Marusha: Nein, ich habe ich mich nicht vom Techno verabschiedet, nur weil "Offbeat" kein typisches "four to the flour"-Album ist. Ich liebe einfach Elektrobeats und Breaks und wollte schon immer mal ein reines Offbeat-Album machen. Jetzt habe ich es getan und ich denke, es passt auch von der Entwicklung in unsere Zeit. Ich habe all die Jahre in denen ich elektronische Musik gelebt habe, die Zeit versucht wiederzugeben, den Style und den musikalischen O-Ton. Mal konnte man mir folgen, mal aber auch wieder nicht. Das hat auch etwas damit zu tun, dass man selber Künstler ist und es auch gar nicht schlimm findet wenn einen die Welt mal nicht versteht… Manchmal versteht man sich ja selbst nicht.

In dem Track "What made you wild" singst du "All you need to know to feed your mind is to remember what you liked as a child". Wie warst du denn als Kind, was hat dich ‚wild‘ gemacht?
Marusha: Ich war ein freies Kind, dass mit vielen Werten und viel Liebe aufwachsen durfte. Meine Eltern haben mich immer gelassen wie ich bin und dafür bin ich sehr dankbar!

War es denn jemals so, dass deine Eltern dich an der Ausübung von Techno-Musik hindern wollten?
Marusha: Nein, überhaupt nicht. Ich glaube, dass wäre auch gar nicht so einfach gewesen …

Auf "Offbeat" finden sich englischsprachige Tracks aber auch deutschsprachige wie "Erdenlicht" oder "Drachenengel". Warum dieser Sprach-Mix?
Marusha: Nun, die deutsche Sprache ist die Sprache der Dichter und Denker. Sie ist hoch an Poesie und das hat mich letztendlich dazu bewegt, das zu tun.

Wusstest du schon zu Beginn der Produktion von "Offbeat" wo du mit dieser Platte hinmöchtest?
Marusha: Ja, ich hatte von Anfang an vor ein gebrochenes Album zu produzieren, bestehend aus vielen verschiedenen Elementen und das ist mir, denke ich, auch gelungen.
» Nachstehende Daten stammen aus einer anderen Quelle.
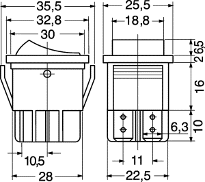 Interruttore bipolare • Corpo in abs nero • Contatti in ottone • Fissaggio al pannello: autobloccante • Terminale: faston passo 6,35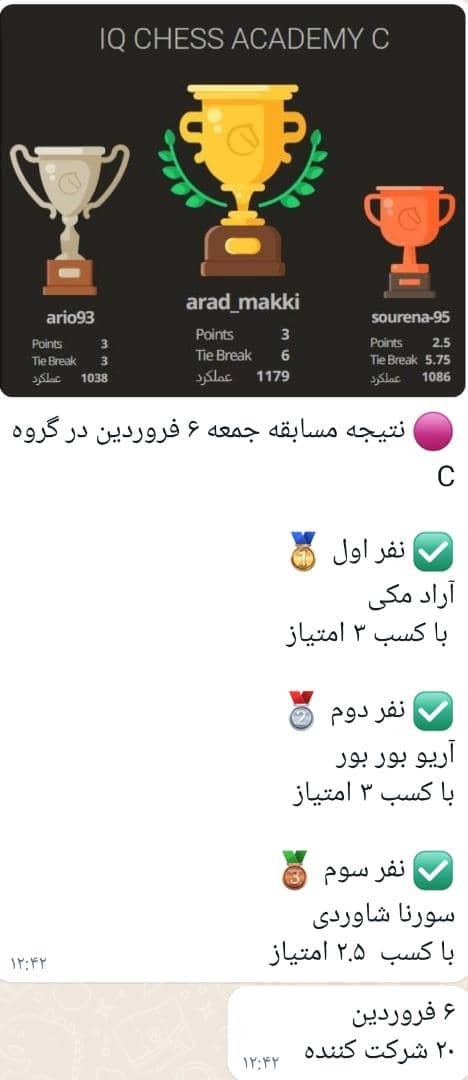 محمد حسام بیگانی نفر برتر مسابقه جام رمضان باشگاه ذهن برتر شد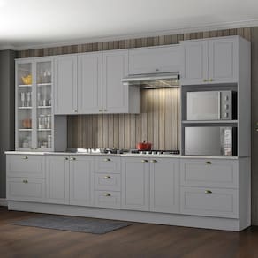 Com design contemporâneo, a Cozinha Americana embeleza qualquer ambiente. Seu conceito é inspirado nas clássicas cozinhas estilo americano, oferecendo uma decoração moderna e minimalista. Ela conta com puxadores em metal zamac, dobradiças 35mm com amortecimento e espaçosos aéreos com 83cm de altura, proporcionando praticidade e funcionalidade. É um armário de cozinha 100% MDF com mais de 15 módulos, que possibilitam criar o projeto de cozinha dos seus sonhos.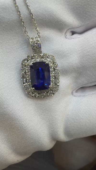 Elevate your fine jewellery collection with this luxurious Ceylon Sapphire and diamond pendant, meticulously handcrafted in our own workshop. At its centre is a stunning 3.56ct natural vivid blue sapphire, cut in a rectangular cushion shape to showcase its exceptional brilliance and depth. Known for their unmatched colour quality, Ceylon Sapphires are among the most prized in the world—and this one is no exception.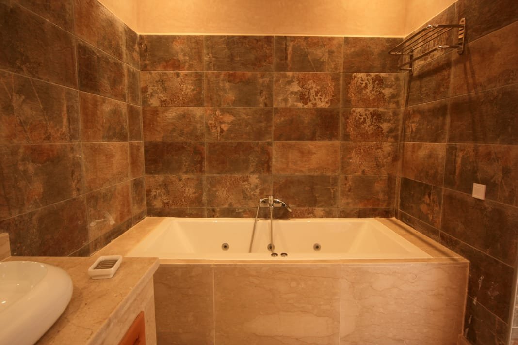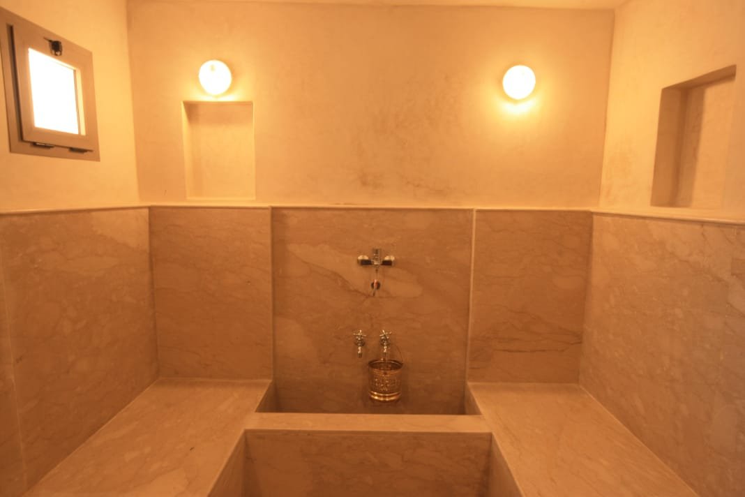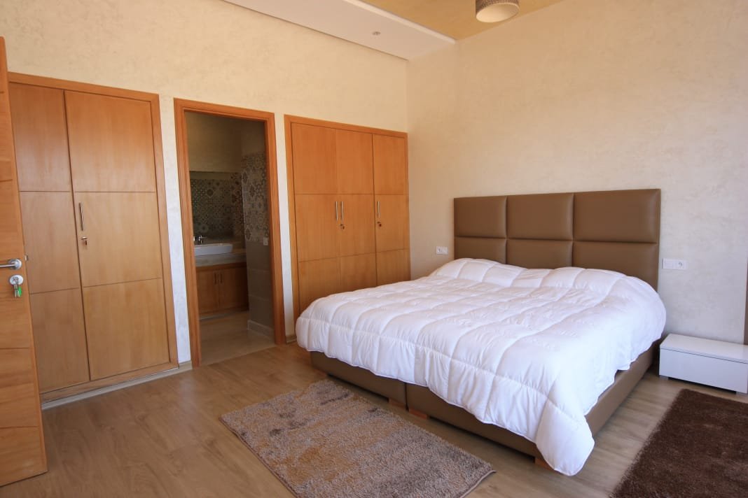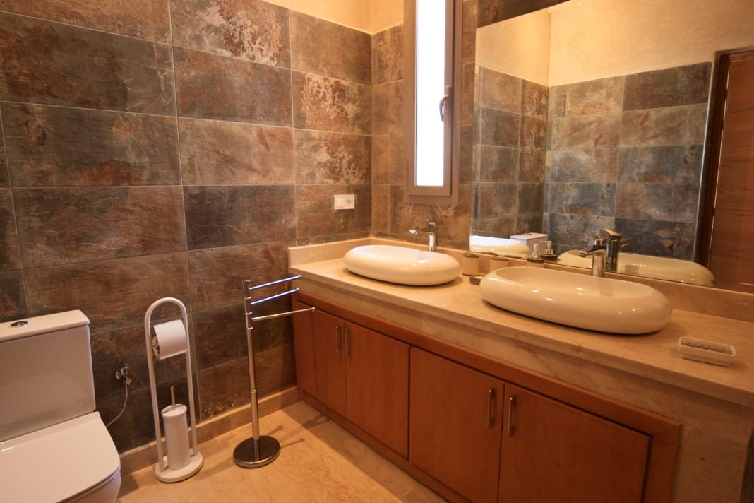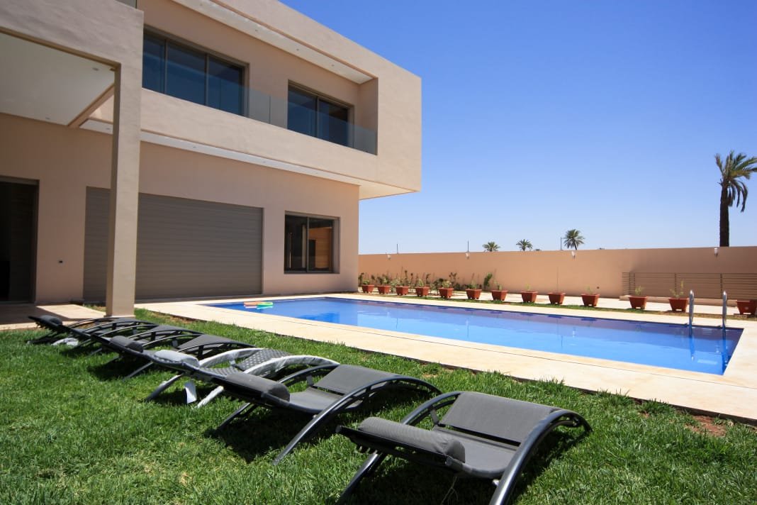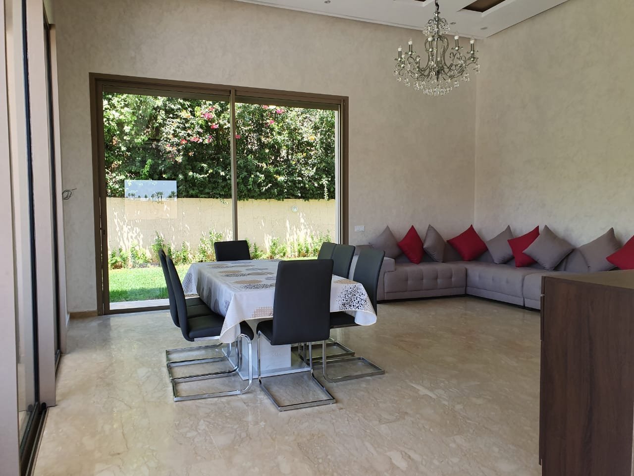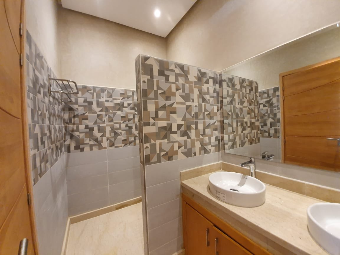 Villa située à proximité de 3 golfs: AMELKIS, du golf Royal et du golf MAADEN avec vues sur les montagnes de L'atlas, et les oliveraies autour, à environ 9 km du centre ville de Marrakech, sur un terrain de 1029 m² avec une surface HABITABLE de 700 m². Cette belle villa est composée : au rez-de-chaussée d'un double salon dont un avec cheminée , séjour, salle à manger, cuisine, salle d'eau, terrasse et d'une chambre avec SDB donnant sur le jardin. A l'étage 5 suites dont une avec une grande terrasse toutes avec sdb. Au sous- sol : une cour anglaise, chambre suite avec sdb , une chambre pour le personnel , une salle de sport, une salle d'eau et un Hammam chauffé au gaz (chaudière) avec espace de relaxation. Au jardin vous profitez d'une grande piscine( 5mx12m) . PRESTATIONS DE QUALITÉ SUPÉRIEURE: Étanchéité : protection chaleur et froid A base de matériaux liège : finition marbre Menuiserie bois massif cèdre de L'atlas menuiserie aluminium importée Climatisation gainable.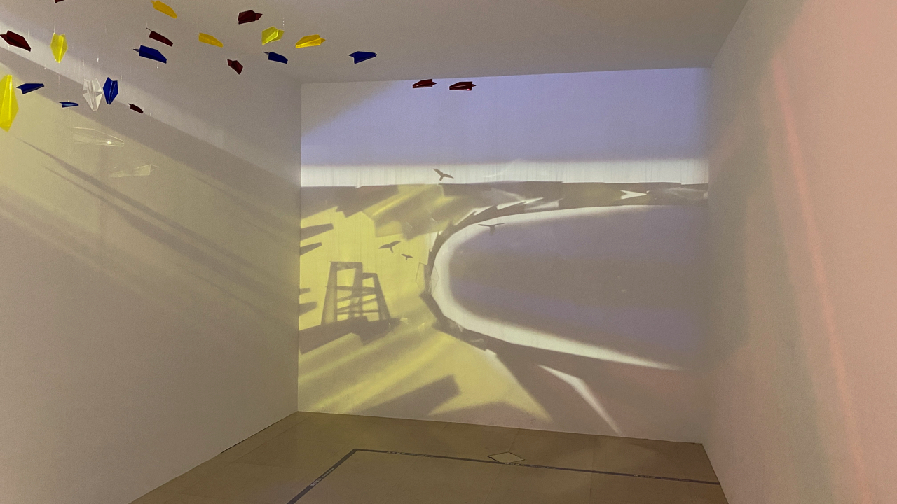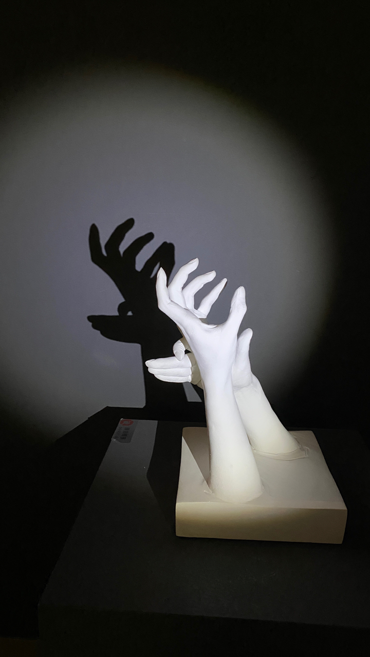 一個實驗性質很濃厚的互動影像創作,該怎麼感受作品?端看自己與光源剪影的互動玩法,舉手或是投足,蹲下或是起立,就靠觀展者自己天馬行空的肢體語言來創作啦!創作理念傳送門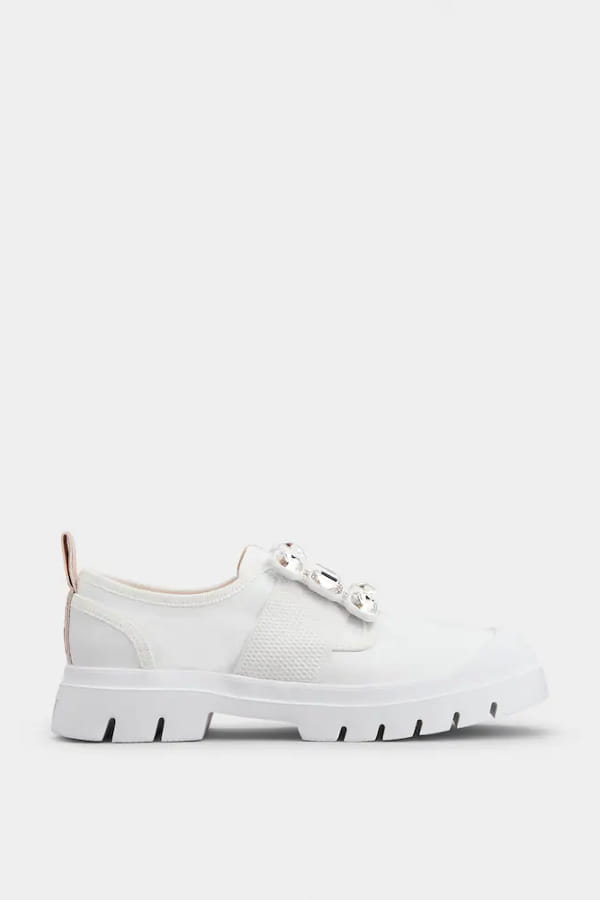 Sneakers blanches en cuir et à boucle en strass "Walky Viv'" de Roger Vivier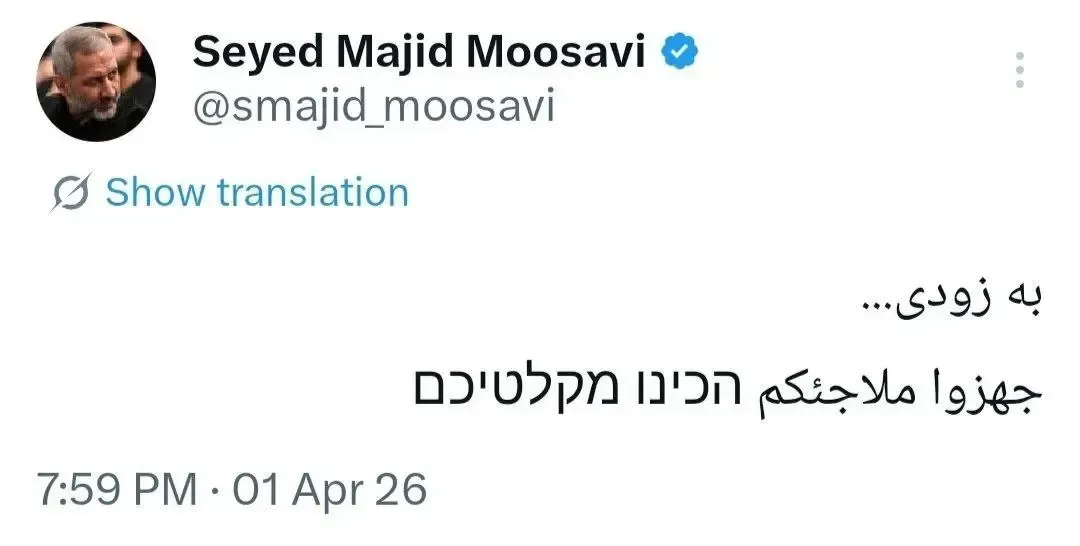 حساب توییتری فرمانده هوافضا سپاه دقایقی قبل با انتشا توییتی به زبان فارسی فقط نوشته شده است "به زودی... " و به زبان عبری به ساکنان سرزمین‌های اشغالی اعلام کرده است "پناهگاهتان را آماده کنید".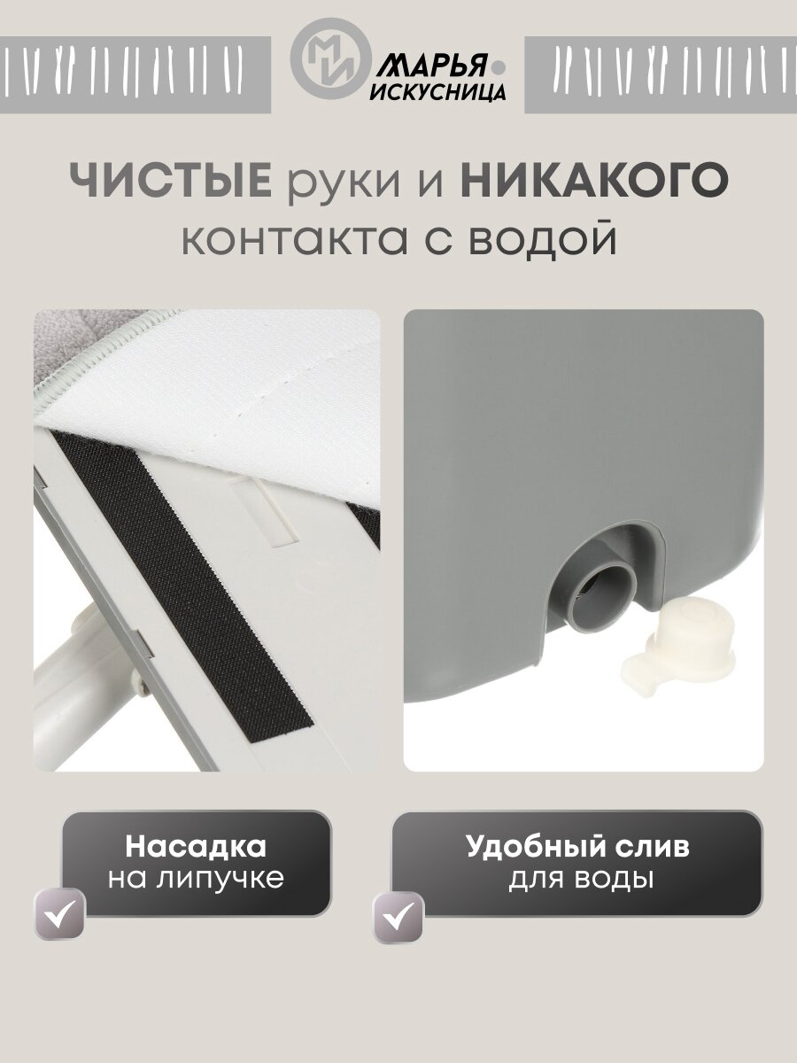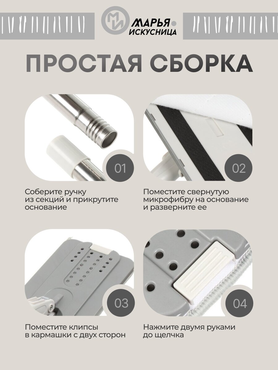 Набор выполнен в стильном сером цвете, который подойдет к любому интерьеру. Бренд "Марья Искусница" гарантирует качество и долговечность. Модель BCLEAN специально разработана для влажной уборки, что позволяет легко и без усилий справляться с любыми загрязнениями на полу. Изготовленный из прочного пластика и металла, набор обеспечивает надежность и долговечность в использовании.

Im kommenden Jahr wirst du von einer "International Peace Foundation" als Gast nach Bangkok eingeladen und eine Audienz bei dem thailändischen Königspaar ist geplant. Was hat es damit auf sich?
Marusha: Nun, ich beteilige mich an dem Friedensprogramm dieser Foundation und halte das auch für sehr wichtig. Zu diesem Treffen kommen viele Nobelpreisträger, Dichter, Denker und Physiker und es finden Diskussionen über eine bessere Welt statt. Ich bin gespannt, welche neuen Impulse ich da so bekomme.

Unsere Schlussfrage: Das Leben ist ein Comic – welche Figur bist du?
(in unserem ersten Interview entschied sich Marusha für die kleine Ente Gina bei Pinocchio)

Marusha: Da fällt mir nur einer ein: Shrek – grün und schön lebendig!